I have a Spark 2.0 dataframe example with the following structure:

id, hour, count
id1, 0, 12
id1, 1, 55
..
id1, 23, 44
id2, 0, 12
id2, 1, 89
..
id2, 23, 34
etc.

It contains 24 entries for each id (one for each hour of the day) and is ordered by id, hour using the orderBy function.

I have created an Aggregator groupConcat:

  def groupConcat(separator: String, columnToConcat: Int) = new Aggregator[Row, String, String] with Serializable {
    override def zero: String = ""

    override def reduce(b: String, a: Row) = b + separator + a.get(columnToConcat)

    override def merge(b1: String, b2: String) = b1 + b2

    override def finish(b: String) = b.substring(1)
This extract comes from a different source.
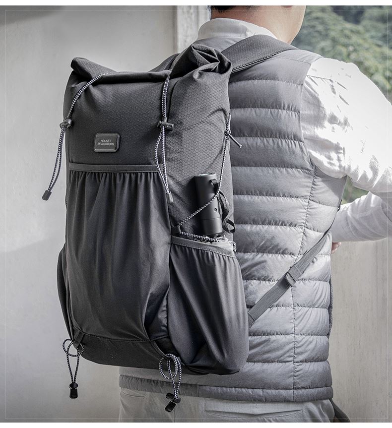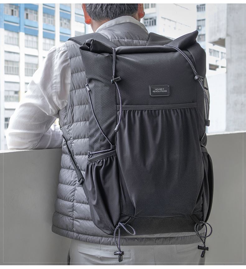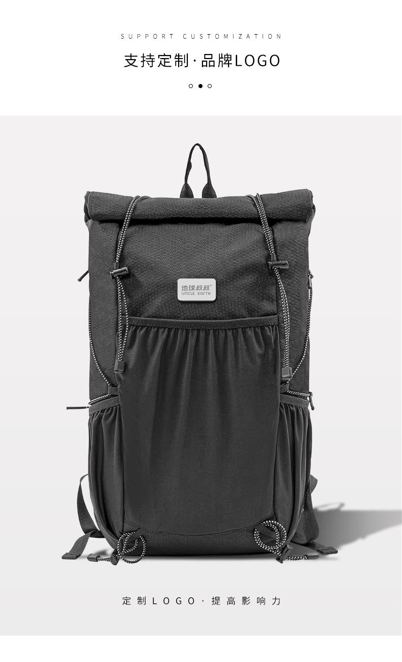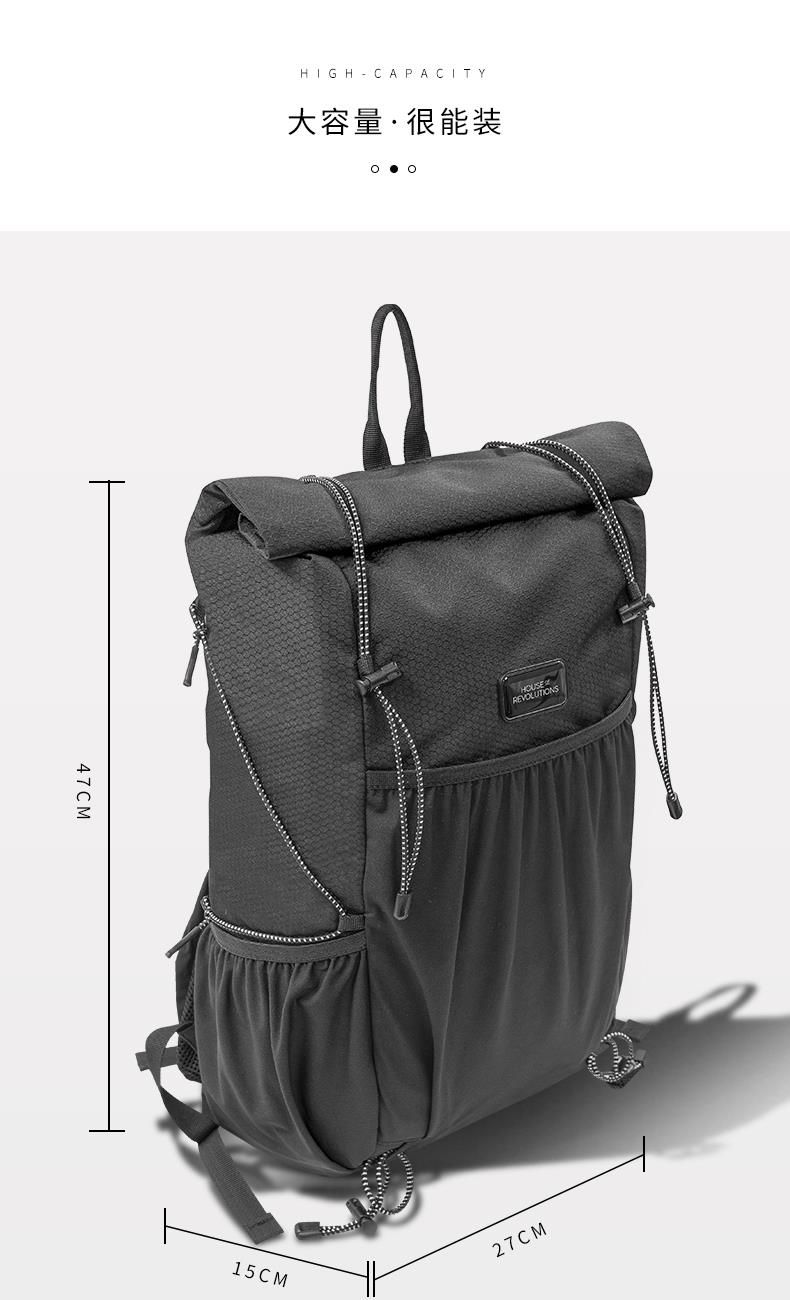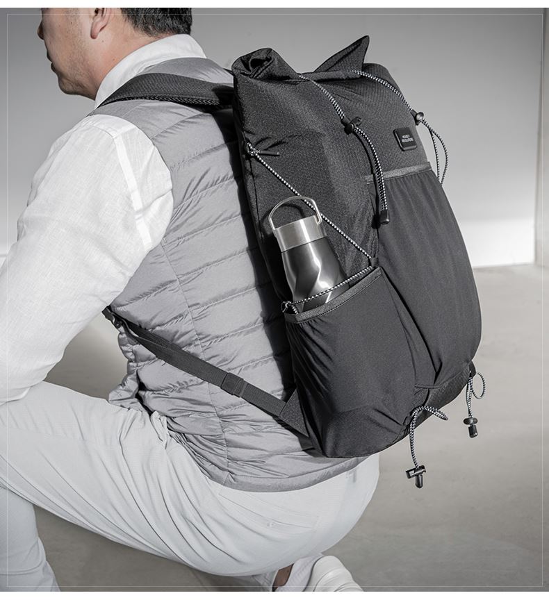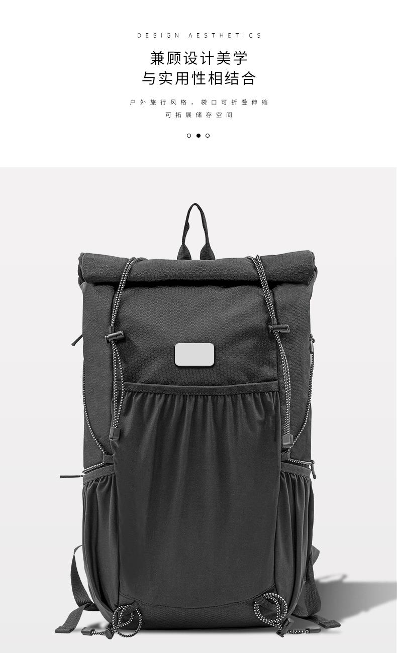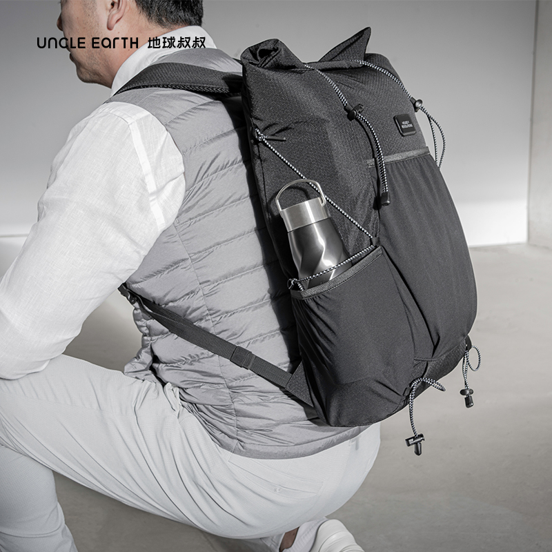 · 由回收塑料瓶RPET制成,相当于回收利用了20个500ml的PET塑料瓶· 户外紧急口哨,夜间反光条,确保道路物品安全· 全卷式闭合储存空间更大化,便于收纳· 防水防污面料,无畏雨天,透气肩带,可 存放手机· 软垫可容纳16寸笔记本电脑隔间· 外带侧边以及中间弹力口袋,可存放瑜伽垫,水瓶以及雨伞· 获得香港2024年设计奖
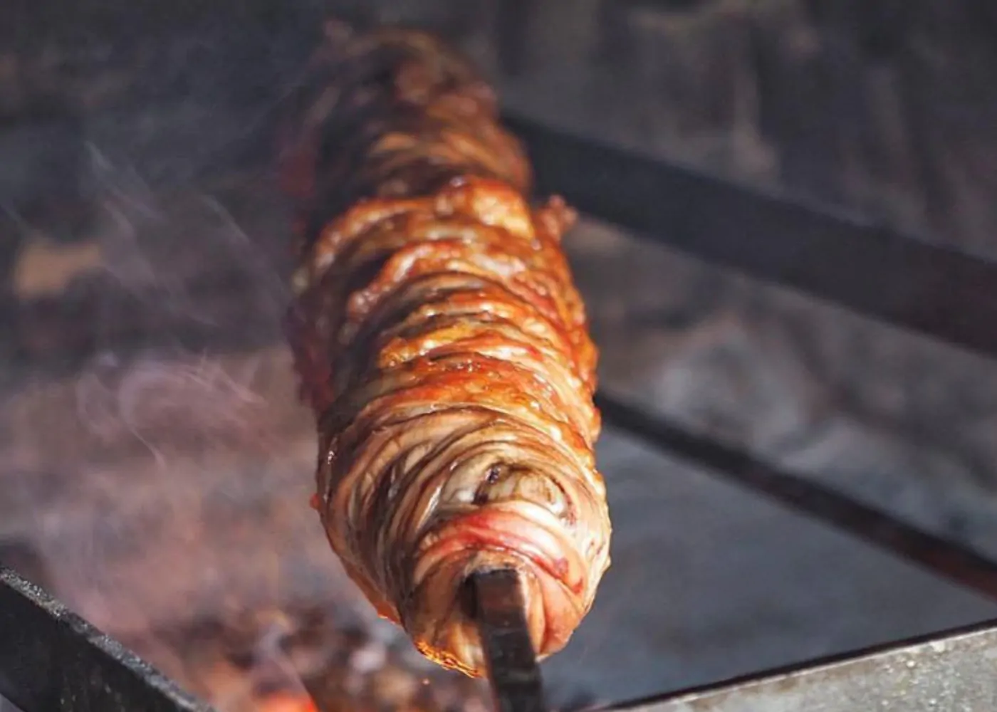 - Spennellate tutta la superficie del kokoretsi con olio extravergine d’oliva e cuocetelo alla brace per circa 2 ore, girandolo di tanto in tanto e posizionandolo lontano dal fuoco per consentire una cottura lenta e uniforme.

    override def bufferEncoder: Encoder[String] = Encoders.STRING

    override def outputEncoder: Encoder[String] = Encoders.STRING
  }.toColumn

It helps me concatenate columns into strings to obtain this final dataframe:

id, hourly_count
id1, 12:55:..:44
id2, 12:89:..:34
etc.

My question is, if I do example.orderBy($"id",$"hour").groupBy("id").agg(groupConcat(":",2) as "hourly_count"), does that guarantee that the hourly counts will be ordered correctly in their respective buckets?

I read that this is not necessarily the case for RDDs (see Spark sort by key and then group by to get ordered iterable?), but maybe it's different for DataFrames ?

If not, how can I work around it ?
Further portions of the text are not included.